AgentSkillsCN

whisper-transcribe-docker

在Docker中使用faster-whisper(本地运行,无需API密钥)进行语音转文字(逐字稿/转写)。当您已拥有音频文件(例如来自`media-audio-download`),并需要一份带有可选时间戳的转录文本,以供摘要使用时,可使用此技能。

SKILL.md
--- frontmatter
name: whisper-transcribe-docker
description: Speech-to-text (逐字稿/转写) in Docker using faster-whisper (local, no API key).

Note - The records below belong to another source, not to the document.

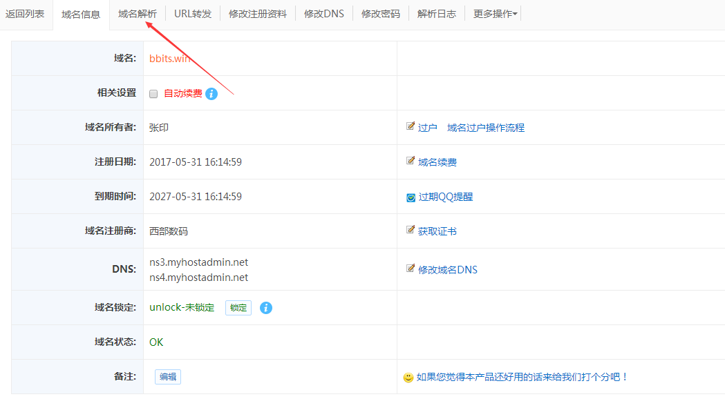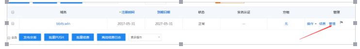 點擊域名后面的管理進(jìn)入到域名解析的頁面
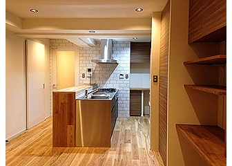 築30年のマンションをスケルトンリフォームしました。コストを抑えつつ、手作り感や高級感を出して仕上げています。2007年、INAXプランニングコンテスト入賞作品。
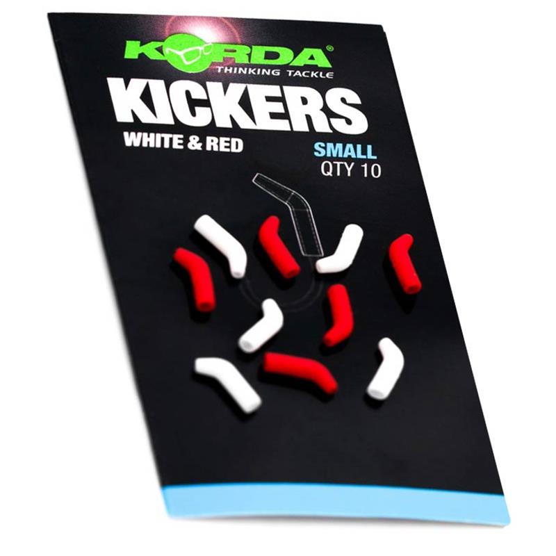 Die grüne oder braune Version ist ideal für Angler, die ihre Montage so unauffällig wie möglich tarnen möchten. Allerdings reicht auf manchen Gewässern schon ein einfaches, farbenfrohes Stück Schrumpfschlauch, das am Haken angebracht ist, aus, um Fische anzulocken. Deshalb sind auch mehrfarbige Varianten rouge/blanc und jaune/rose erhältlich, die ideal sind, um etwas Farbe an Ihren Haken zu bringen. Die Kickers bestehen aus robustem Gummi und werden in drei Größen angeboten, um an den verwendeten Haken angepasst zu werden und perfekt am Öhr zu sitzen: Small für die tailles 10 et 12, Medium für die tailles 6 et 8 und Large für die tailles 2 et 4. Wenn ein Fisch gehakt ist, richtet sich der Kicker während des Drills auf und nimmt danach wieder seine ursprüngliche Form ein, um erneut einsatzbereit zu sein. Die Kickers werden im Zehnerpack verkauft.
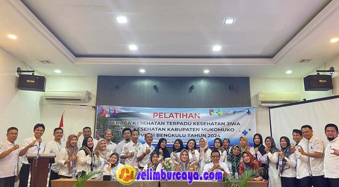 Mukomuko, Selimburcaya.com – Sebanyak 30 tenaga medis asal Kabupaten Mukomuko mengikuti pelatihan kesehatan terpadu untuk penanganan kesehatan jiwa. Pelatihan ini dilaksanakan di Hotel Madeline, Kota Bengkulu, mulai 2 hingga 6 September 2024. Kegiatan ini bertujuan meningkatkan kemampuan tenaga medis dalam menangani kasus gangguan jiwa di Fasilitas Pelayanan Kesehatan Primer (FKTP).
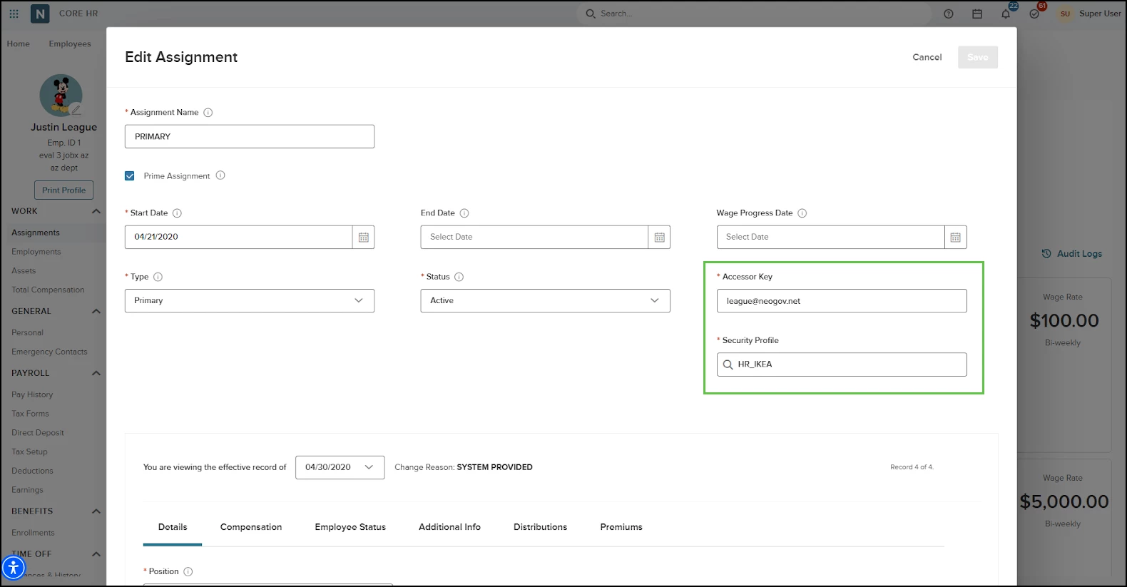 With this update, we've moved the Security Profile and Accessor Key fields from the USERS page under the Admin menu to the top section of the employee's assignment record. This change makes things easier when you have to perform multiple updates on an employee record at the same time.

Use when you already have an audio file (e.g. from `media-audio-download`) and need a transcript with optional timestamps for summarization.

Whisper Transcribe (Docker, faster-whisper)

This skill turns an audio file into a transcript locally (no OpenAI key).

Use with media-audio-download:

  1. Download audio -> out/*.m4a
  2. Transcribe -> out/*.txt (or JSON)

Quick Start

Build image:

bash
docker build -t moltbot-whisper-transcribe {baseDir}

Transcribe an audio file (writes plain text to stdout by default):

bash
docker run --rm -v "$PWD:/work" -v whisper-models:/models \
  moltbot-whisper-transcribe /work/out/audio.m4a --model small

If huggingface.co is blocked/unreachable in your network, set a mirror endpoint:

bash
docker run --rm -e HF_ENDPOINT='https://hf-mirror.com' -v "$PWD:/work" -v whisper-models:/models \
  moltbot-whisper-transcribe /work/out/audio.m4a --model small

Write transcript to a file:

bash
docker run --rm -v "$PWD:/work" -v whisper-models:/models \
  moltbot-whisper-transcribe /work/out/audio.m4a --model small --out /work/out/audio.txt

With timestamps:

bash
docker run --rm -v "$PWD:/work" -v whisper-models:/models \
  moltbot-whisper-transcribe /work/out/audio.m4a --model small --timestamps --out /work/out/audio.txt

Notes:

  • First run downloads model weights (cached in the whisper-models Docker volume).
  • For speed, start with --model tiny / --model base.
  • For quality, use --model medium (CPU will be slower).